3. When I look at onstat -g dsc I see number of distribution entries,
should this be always lower than DS_POOLSIZE

Digg this Post!Add Post to del.icio.usBookmark Post in TechnoratiFurl this Post!
Reply With Quote
  #2 (permalink)  
Old 04-20-2008, 05:28 PM
david@smooth1.co.uk
 
Posts: n/a
Default Re: Calculate optimal value for DS_POOLSIZE

On 13 Oct, 20:58, mohitanch...@gmail.com wrote:
> Version: IDS 10
>
> I am trying to determine the optimal value for DS_POOLSIZE and
> DS_HASHSIZE. I looked at the onstat -g dsc. I have following question:
>
> 1. How do I determine the correct size of DS_POOLSIZE. Should I look
> at our update stats and see number of unique columns that we run
> update statistics on and that would become the value of DS_POOLSIZE.
> 2. How do I determine correct value of number of Hash Buckets ? How
> many entries per bucket is good to have ?
> 3. When I look at onstat -g dsc I see number of distribution entries,
> should this be always lower than DS_POOLSIZE


DS_POOLSIZE is the number of entrires in the data distribution cache.
Therefore select count(*) from sysdistrib for each database and that
will be the
maximum possible value you can use.

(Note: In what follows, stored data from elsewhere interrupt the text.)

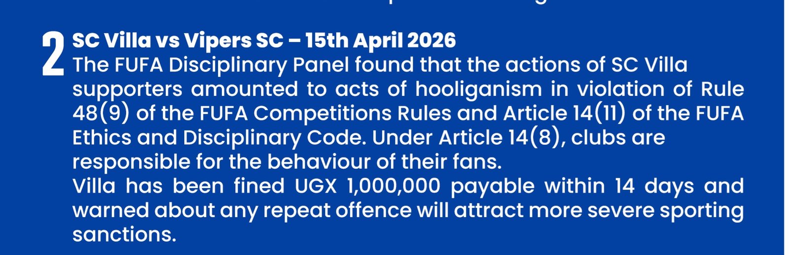 Ekibiina ekiddukanya omupiira mu Uganda ekya FUFA, kiragidde club ya Villa Jogo Ssalongo okusasula engassi ya nsimbi akakadde kamu, olw’ebikolwa ebyefujjo abawagizi ba club eno lye bakola mu Uganda Premier League.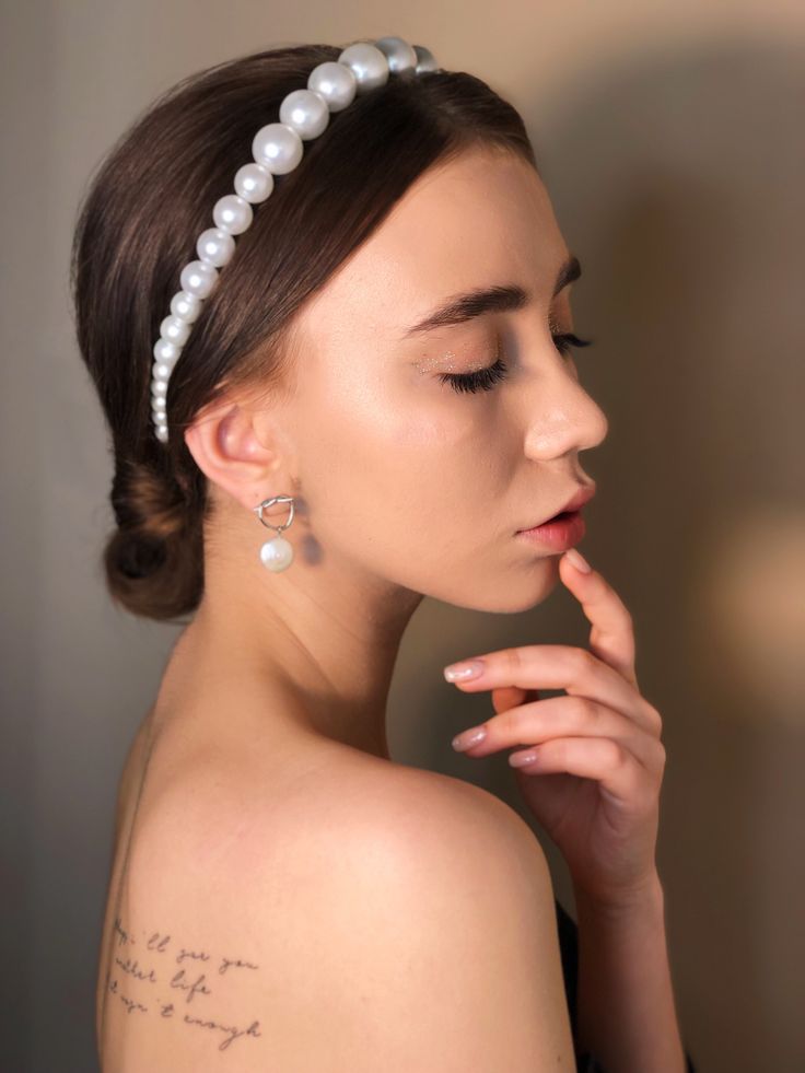 1. Повязка на голову с белым жемчугом и распущенными волосами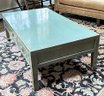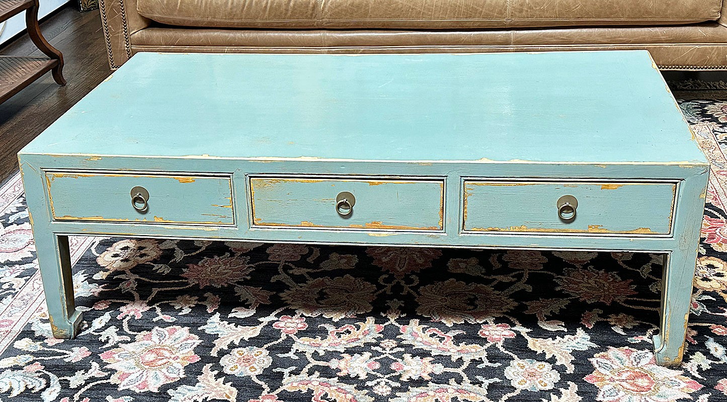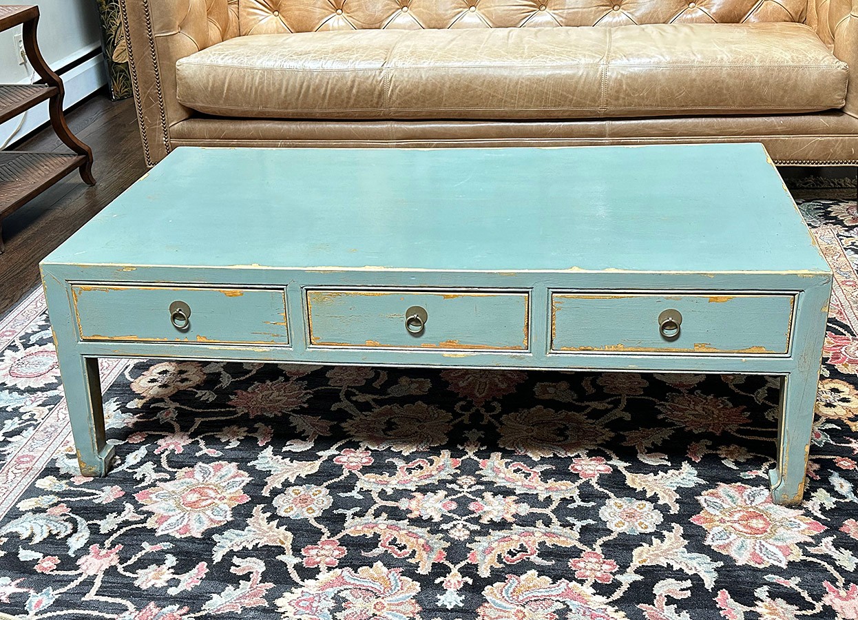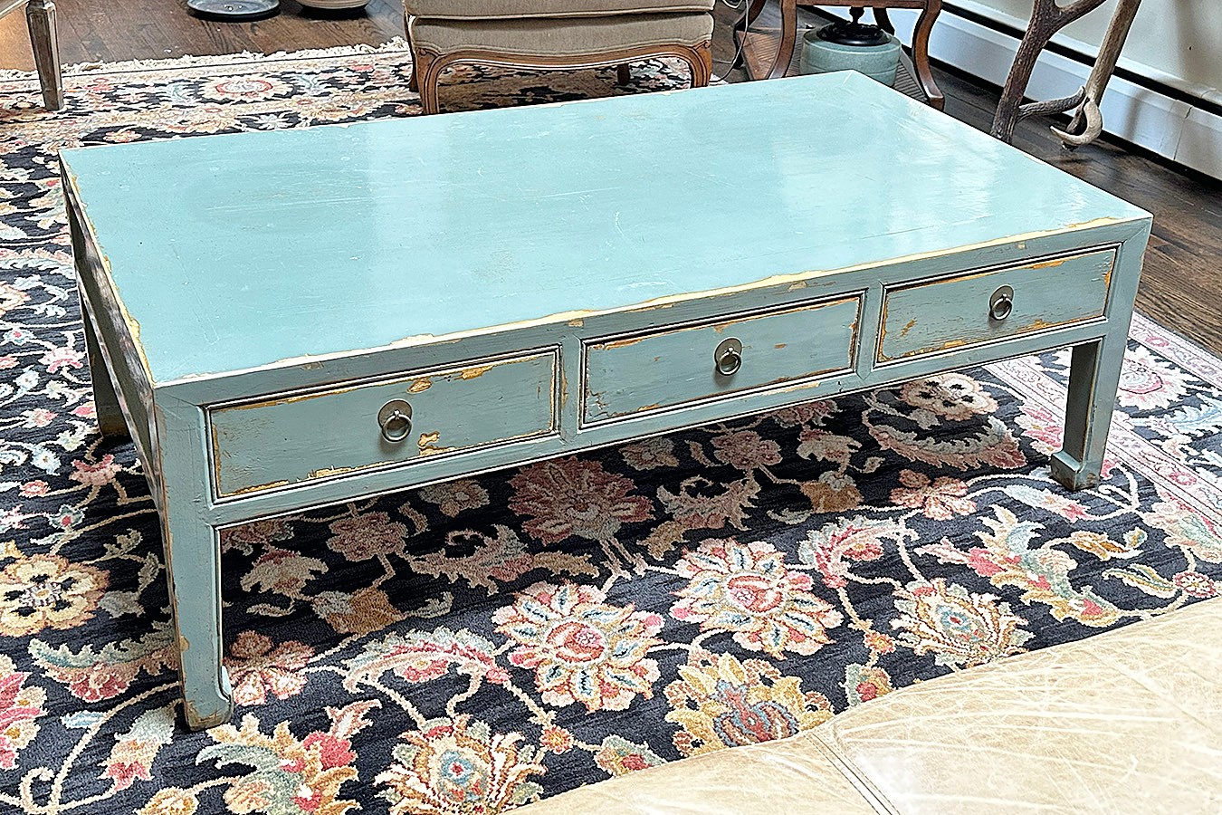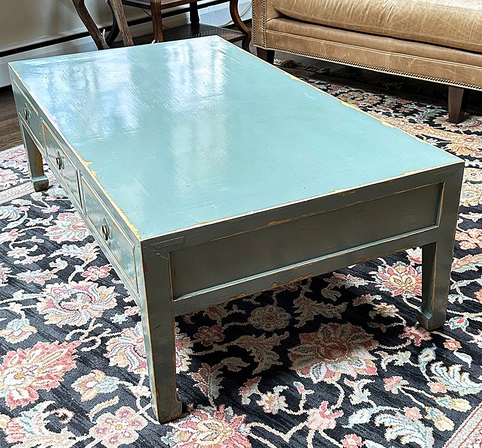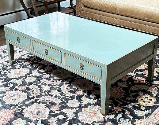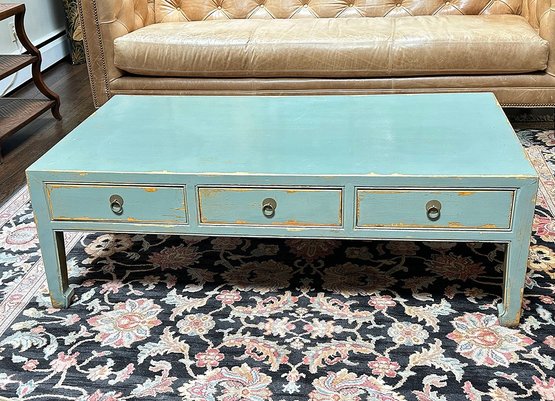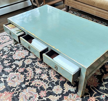 Chic Distressed Wooden Coffee Table. With three drawers on each side. In good condition. 53.5" x 30" x 18.5"h.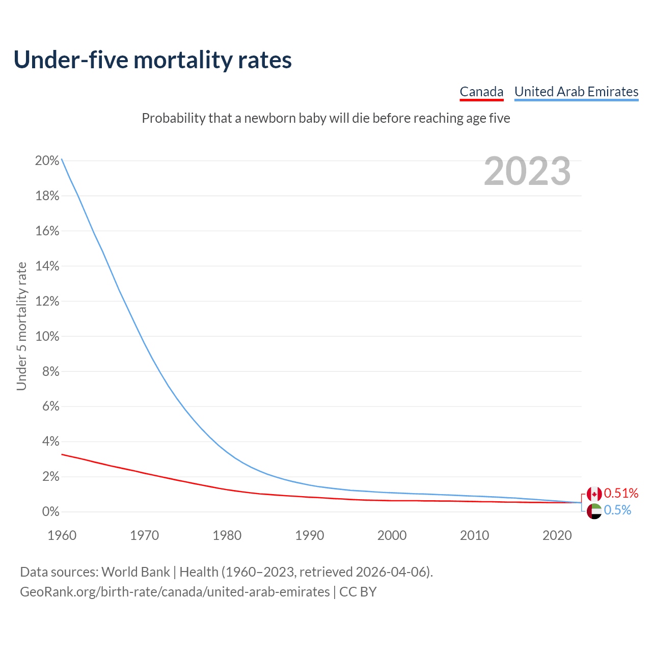 The chance that a newborn baby will die before reaching age five is 0.51% in Canada and 0.5% in the United Arab Emirates. Above is a chart with historical data on under-five mortality rates.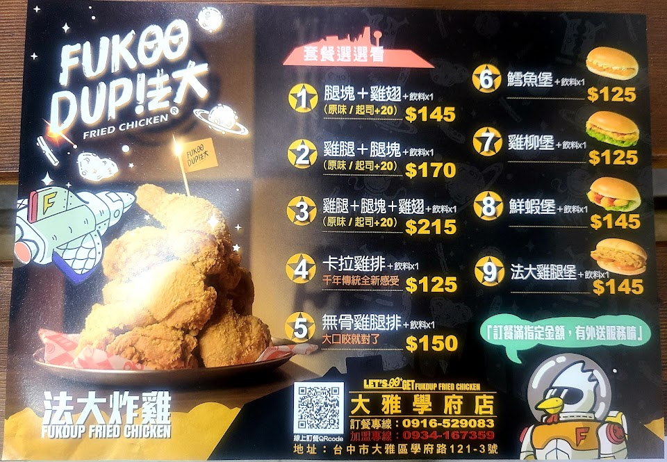 2024最新在地推薦餐廳的菜單_法大炸雞 Fukdup Fried Chicken-大雅學府店的菜單、圖片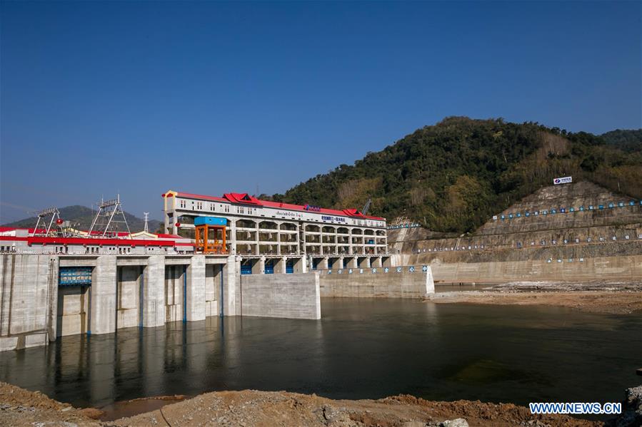 Photo taken on Dec. 25, 2019 shows the hydropower station where the first power generation unit of Nam Ou River Cascade Hydropower Project's second phase was installed in Luang Prabang, Laos. (Photo by Kaikeo Saiyasane/Xinhua)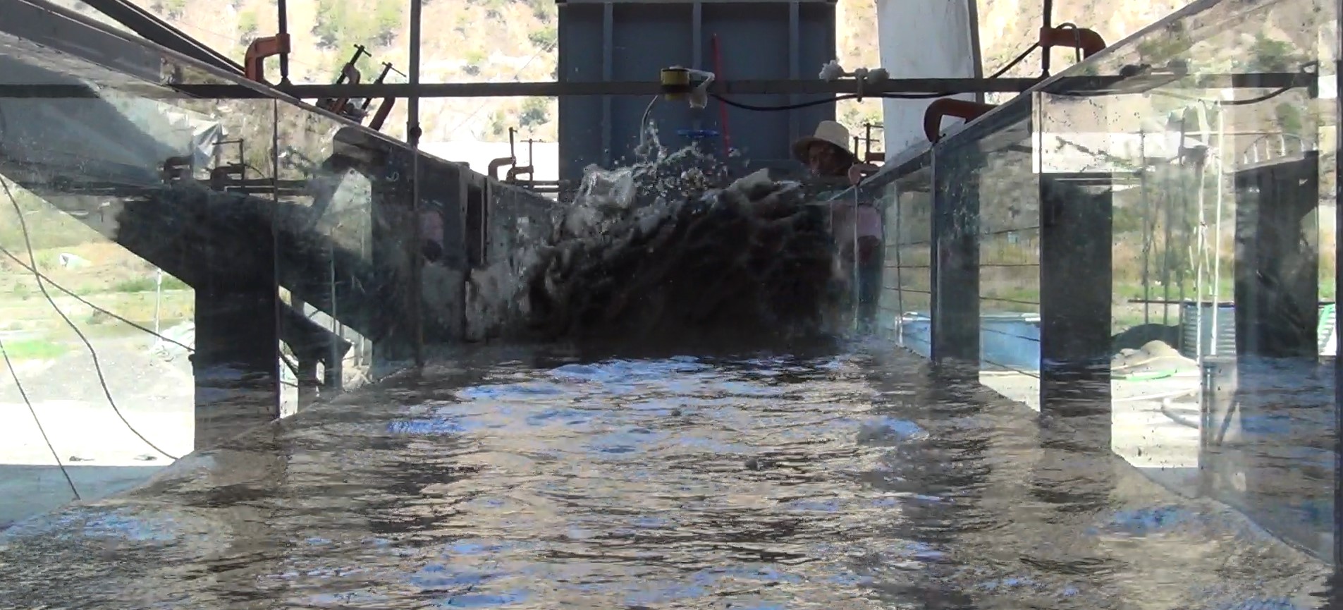 2024年10月15日至12月11日,成都山地所硕士研究生周天佳来站开展大尺度泥石流堵江灾害链物理模型试验。试验涉及关系泥石流堵江的多个变量,如体积、容重、主河流量等。探究不同变量对泥石流堵河过程、结果以及后续漫顶溃决的影响。试验结果表明,泥石流堵河是泥石流与河流相互作用的过程,堵河的结果和溃决的过程与泥石流的流态和体积、河流的流态等息息相关。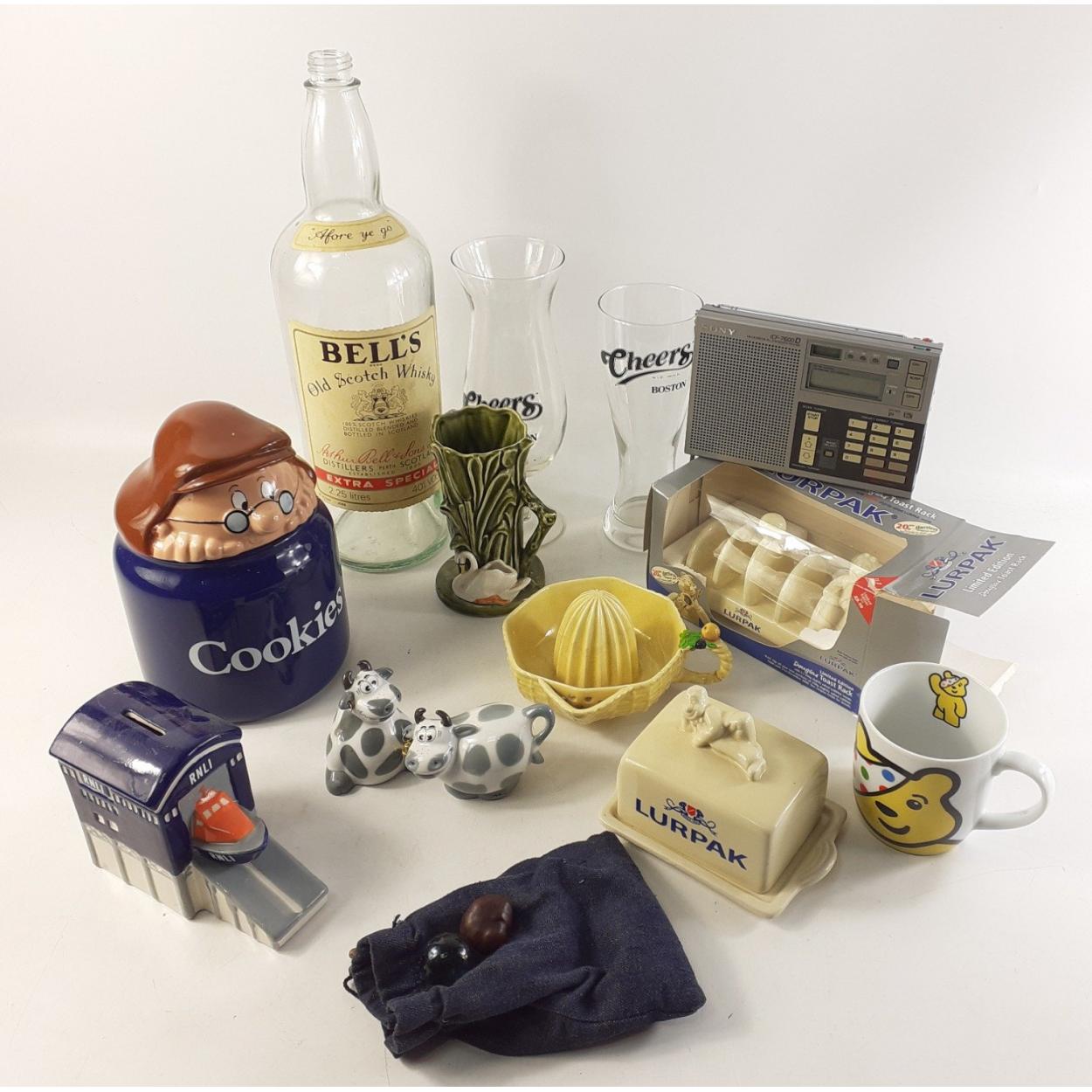 A good collection of advertising themed items. Lurpak toast rack and butter dish, Tetley Cookie Jr, Sylvac and Carlton ware items, Money bottle etc. =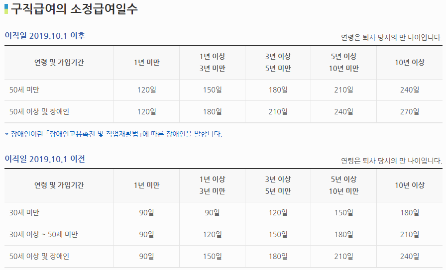 (이직일이 2019.10.1 이전은 퇴직 전 평균임금의 50% × 소정급여일수)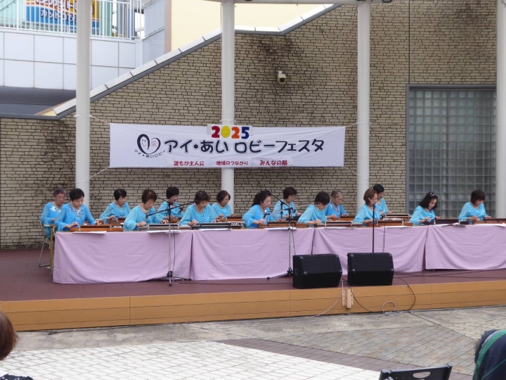 泉佐野市長南公民館クラブ発表会開催中、2階エレベーターホールにて毎年恒例になってる大正琴ミニコンサートを白百合教室の皆さんが開きました。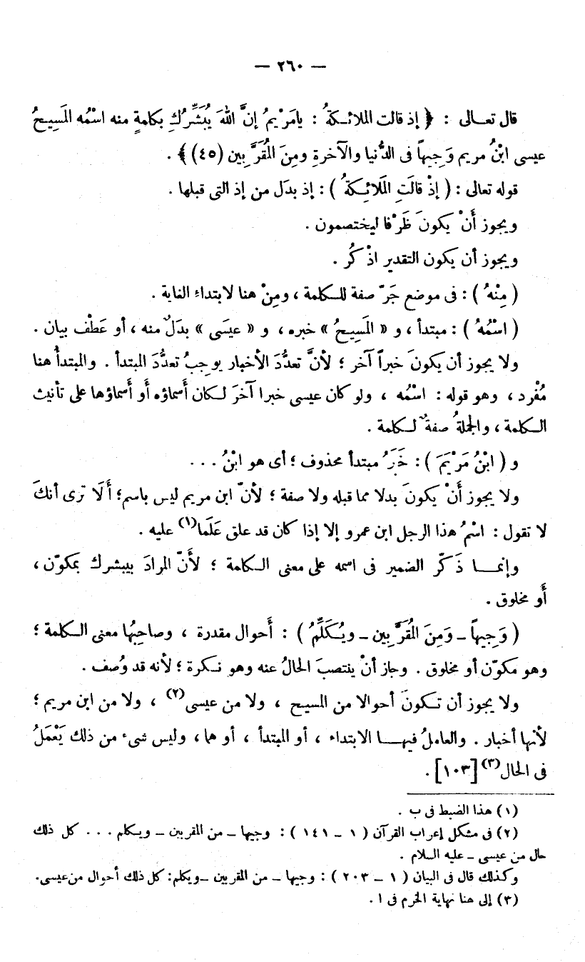 وَإِنَّمَا ذَكَرَ الضَّمِيرَ فِي اسْمِهِ عَلَى مَعْنَى الْكَلِمَةِ ; لِأَنَّ الْمُرَادَ بِيُبَشِّرُكِ بِمُكَوَّنٍ أَوْ مَخْلُوقٍ. (وَجِيهًا - وَمِنَ الْمُقَرَّبِينَ - وَيُكَلِّمُ) : أَحْوَالٌ مُقَدَّرَةٌ، وَصَاحِبُهَا مَعْنَى الْكَلِمَةِ، وَهُوَ مُكَوَّنٌ أَوْ مَخْلُوقٌ. وَجَازَ أَنْ يَنْتَصِبَ الْحَالُ عَنْهُ وَهُوَ نَكِرَةٌ ; لِأَنَّهُ قَدْ وُصِفَ.

Run onstat -g dsc to see how many
you are using at the moment and choose a sensible value.

Be aware that with IDS 10.00.FC4 on Linux I found having this too
large can have a large impact on performance. Be aware the number of
data distibution
entries can increase and people add tables and indexes to the database
schema.

DS_HASHSZIE should be set so you have plenty of hash buckets to avoid
contention for each has bucket. Use 31,63,127 and see which is best
for your
situation, perhaps try some other values in between e.g. 95.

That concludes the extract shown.